Work request
The output should match, line for line, the records from the line containing "גן משחקים. ג'זאריש" through the line containing "Fig. 3 Piezas", with every picture left out.

Data records
⁂

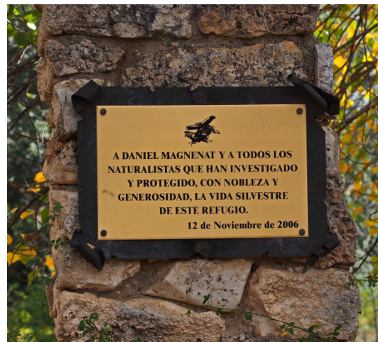
Figura 6. Placas conmemorativas. 19 de octubre de 2017).

ofrece parangón posible entre los espacios protegidos de nuestro país”. También WWF, en su revista Panda (Nº 131), señala, refiriéndose a la tarea altruista realizada, que “ gracias a este increíble trabajo las Hoces del Riaza son uno de los parajes mejor conocidos y estudiados del mundo ”.
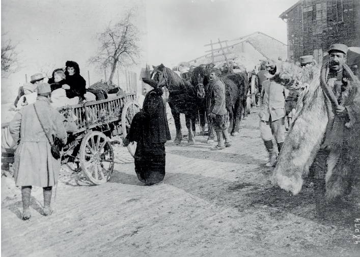
Illustration 1 Colonnes de réfugiés des combattants de la Meuse
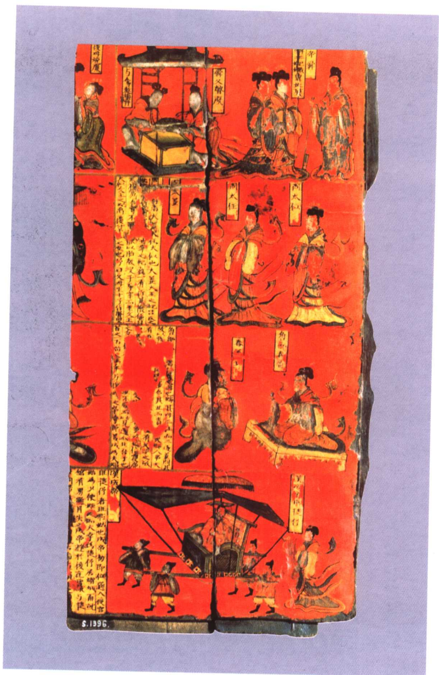
彩绘人物故事屏风 北魏
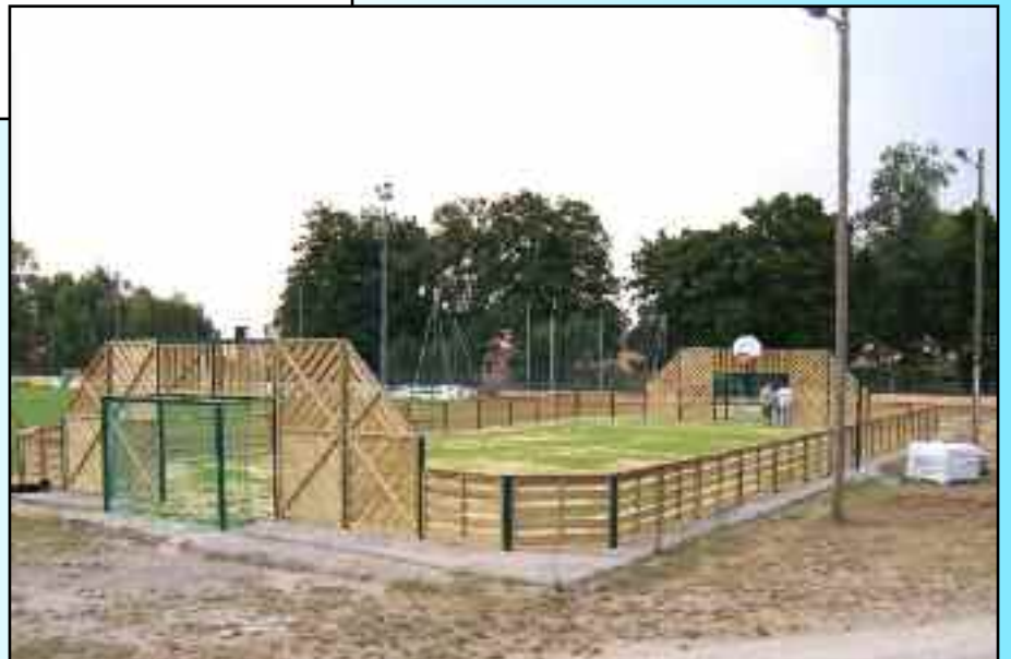
Finition des travaux du microsite, complètement renové au stade Gaston Marchive.
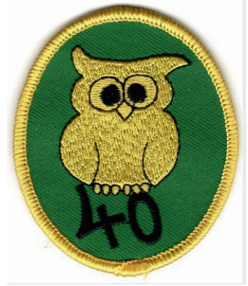
Lippukunnan upea vuosijuhlamerkki kiinnitetään oikean rintataskun yläpuolelle

Lisää partiopuvusta voi lukea Suomen Partiolaisten nettisivuilta.
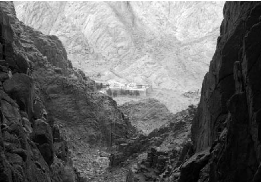
3. Le Monastère de Sainte Catherine vu du chemin qui descend du Mont Sinaï.
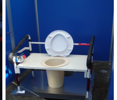
「防災資機材取扱訓練を開催」
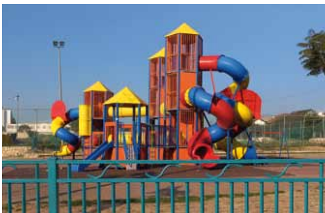
גן משחקים. ג'זאריש

סדנא לוועדי בתים: הרצאה מפי עו"ד על כוחם של ועדי בתים לשנות ולשפר את החיים בבית המשותף.
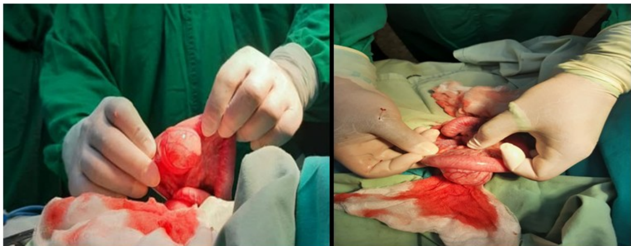
Fig. 3 Piezas quirúrgicas de la duplicidad intestinal quística no comunicante.

encontraba en el borde mesentérico, mediante resección y anastomosis termino-terminal. El estudio histológico informó la presencia de duplicidad intestinal ileal con presencia de tejido pancreático y gástrico heterotópico. (Fig.3).
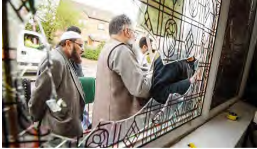
زجاج متحطم بأحد المساجد

أقل من ساعة بلاغا آخر حول أعمال مشابيه، واكتشفت أن مسجدين آخرين تعرضا للتخريب. وفي وقت لاحق في الصباح، جرى استهداف مسجد خامس، وقالت الشرطة إن عناصرها يعملون على جمع الأدلة، فيما يجري تحليل تسجيلات كاميرات المراقبة. وكثرت الشبهة البريطانية أعلنت تسيير دوريات حول المساجد في كل البلاد عقب اعتداءات مدينة كرايست تشيرش في نيوزيلندا، بهدف «طمأنة» مرادياها. وينظر أكثر من ثلث البريطانيين إلى الإسلام على أنه يمثل «تهديدا» لنمط حياتهم، بحسب إحصاء عرضت نتائجها في فبراير جمعية الأمل وليس الكراهية.

⁂

Problem solution
גן משחקים. ג'זאריש

סדנא לוועדי בתים: הרצאה מפי עו"ד על כוחם של ועדי בתים לשנות ולשפר את החיים בבית המשותף.
Fig. 3 Piezas quirúrgicas de la duplicidad intestinal quística no comunicante.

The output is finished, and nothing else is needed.